Did you know that American and European children learn nouns a lot faster than verbs, and Chinese, Japanese and Korean children learn verbs about as fast as nouns?
That Americans are better at picking out foreground objects and recognizing them in different situations, while Japanese are better at taking in the whole picture?
That native speakers of English are likely to correlate object by category, and native speakers of Chinese, by relationship? But if you teach native speakers of Chinese English in their teens or so, which language you use will influence which way they are more likely to use. And if you teach native speakers of Chinese English very young, correlations will even out between category and relationship, but be independent of language.

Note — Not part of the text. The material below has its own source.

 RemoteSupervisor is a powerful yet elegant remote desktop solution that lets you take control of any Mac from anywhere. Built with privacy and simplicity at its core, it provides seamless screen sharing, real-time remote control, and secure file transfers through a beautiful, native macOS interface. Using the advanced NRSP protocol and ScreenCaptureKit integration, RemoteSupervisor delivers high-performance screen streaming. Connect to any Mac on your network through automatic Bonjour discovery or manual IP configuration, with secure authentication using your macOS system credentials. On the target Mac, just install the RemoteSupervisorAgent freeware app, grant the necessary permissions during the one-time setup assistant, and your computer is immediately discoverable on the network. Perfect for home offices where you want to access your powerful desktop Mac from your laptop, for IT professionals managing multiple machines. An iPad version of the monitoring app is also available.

OTOH, if you "prime" them by showing them American images, or Chinese images, you will get differences in their correlations according to the culture you've primed them toward.

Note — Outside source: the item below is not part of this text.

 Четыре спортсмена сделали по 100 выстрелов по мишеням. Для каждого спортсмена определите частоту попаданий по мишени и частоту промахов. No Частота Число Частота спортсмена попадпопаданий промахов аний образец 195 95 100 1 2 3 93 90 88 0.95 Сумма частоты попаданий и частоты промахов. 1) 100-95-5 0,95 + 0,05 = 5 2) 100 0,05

A long discussion of the very many differences between East Asian (Chinese, Japanese and Koren), and Anglo-American thinking. And some speculative history of how they arose, with definite history of how long they have been around. Aristotle vs. Confucius. Except that the Chinese had philosophers in the Greek mode and the Greeks had philosophers in the Chinese, so the differences were already there, and influenced which philosopher was influential.
Gets a few things wrong. Like asserting that the Greeks didn't practice religious persecution (read Maccabees!) But that was literally the only historical error I ran across, in a book full of discussions of history.
Though in the Fundamental Attribution Error -- you give someone an essay, tell the person that it was an assigned topic, and then ask them if the writer agreed with it. Both Americans and East Asians are prone to say yes. If you prime the East Asians with the reminder that it was assigned, they would be more likely to say it was not evidence. But I look at that and say, "How good was the essay? And did the writer, in fact, agree? What if they ignored the stated context because they picked up clues about the truth?"
Ah, well, I'm picking nits. Fascinating treatment. And a reminder that benefits all world-builders, of how cultures can differ.